Your task
Begin at the line that has "Nota : Este", stop after the line that has "GPU升级到Adreno 750,3DMark Solar", and print exactly those lines from the records below, without any pictures.

Supplied records
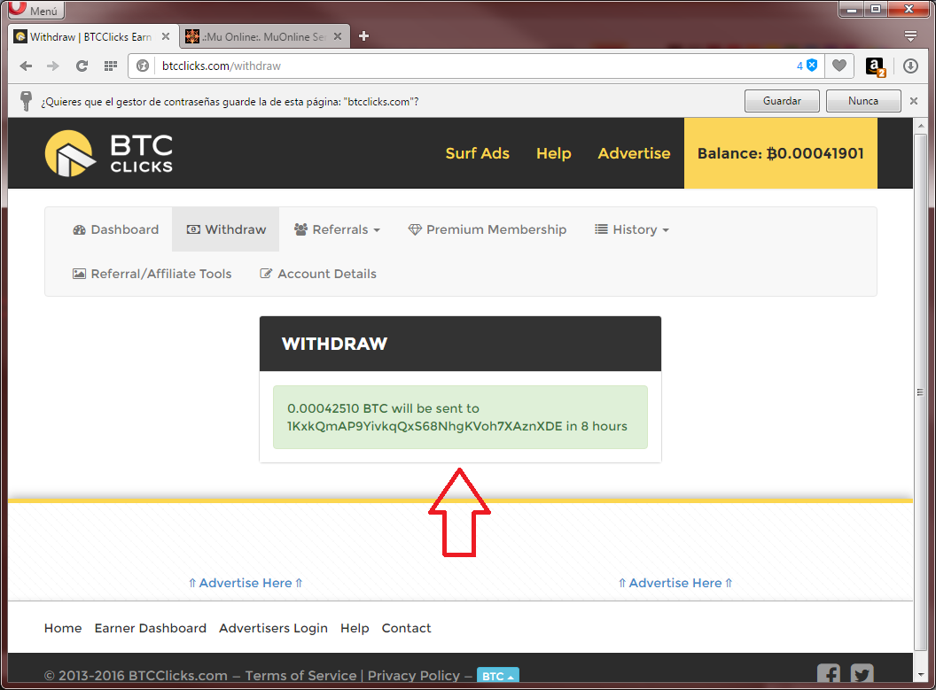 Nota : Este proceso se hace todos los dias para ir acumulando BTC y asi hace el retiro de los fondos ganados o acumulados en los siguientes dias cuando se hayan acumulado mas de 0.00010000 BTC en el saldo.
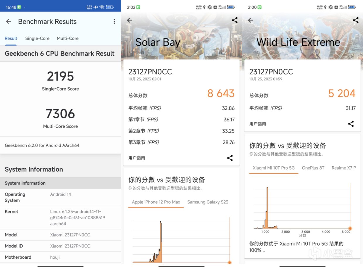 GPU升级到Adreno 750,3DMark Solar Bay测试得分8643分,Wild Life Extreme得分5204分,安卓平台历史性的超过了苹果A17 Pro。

...

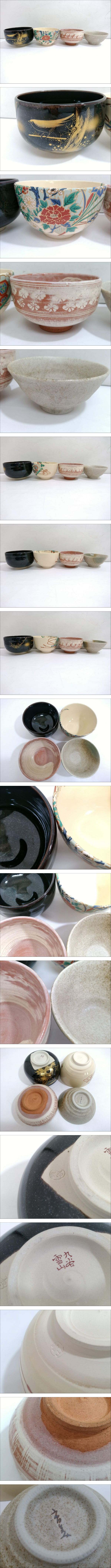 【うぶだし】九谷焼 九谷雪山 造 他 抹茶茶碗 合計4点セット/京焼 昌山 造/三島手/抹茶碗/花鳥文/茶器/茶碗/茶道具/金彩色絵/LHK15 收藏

* * *

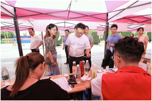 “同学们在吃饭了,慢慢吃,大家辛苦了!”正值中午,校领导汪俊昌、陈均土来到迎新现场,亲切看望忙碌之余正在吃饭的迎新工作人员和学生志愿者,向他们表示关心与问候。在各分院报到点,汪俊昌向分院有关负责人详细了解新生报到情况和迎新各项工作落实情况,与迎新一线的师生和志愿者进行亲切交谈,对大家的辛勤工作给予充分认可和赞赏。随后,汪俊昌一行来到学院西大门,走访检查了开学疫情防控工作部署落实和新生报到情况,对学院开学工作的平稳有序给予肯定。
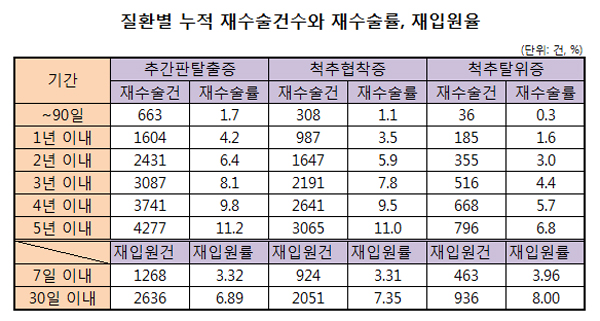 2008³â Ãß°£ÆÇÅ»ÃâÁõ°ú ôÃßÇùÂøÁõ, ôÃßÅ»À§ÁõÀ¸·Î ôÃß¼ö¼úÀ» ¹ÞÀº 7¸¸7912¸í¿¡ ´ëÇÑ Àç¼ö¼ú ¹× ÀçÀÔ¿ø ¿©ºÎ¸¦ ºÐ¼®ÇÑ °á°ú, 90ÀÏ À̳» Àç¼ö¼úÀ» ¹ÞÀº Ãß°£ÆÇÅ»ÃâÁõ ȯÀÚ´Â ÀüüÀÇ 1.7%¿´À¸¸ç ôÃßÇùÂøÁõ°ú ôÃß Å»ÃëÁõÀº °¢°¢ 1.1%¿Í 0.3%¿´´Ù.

Solution for this problem
 Nota : Este proceso se hace todos los dias para ir acumulando BTC y asi hace el retiro de los fondos ganados o acumulados en los siguientes dias cuando se hayan acumulado mas de 0.00010000 BTC en el saldo.
 GPU升级到Adreno 750,3DMark Solar Bay测试得分8643分,Wild Life Extreme得分5204分,安卓平台历史性的超过了苹果A17 Pro。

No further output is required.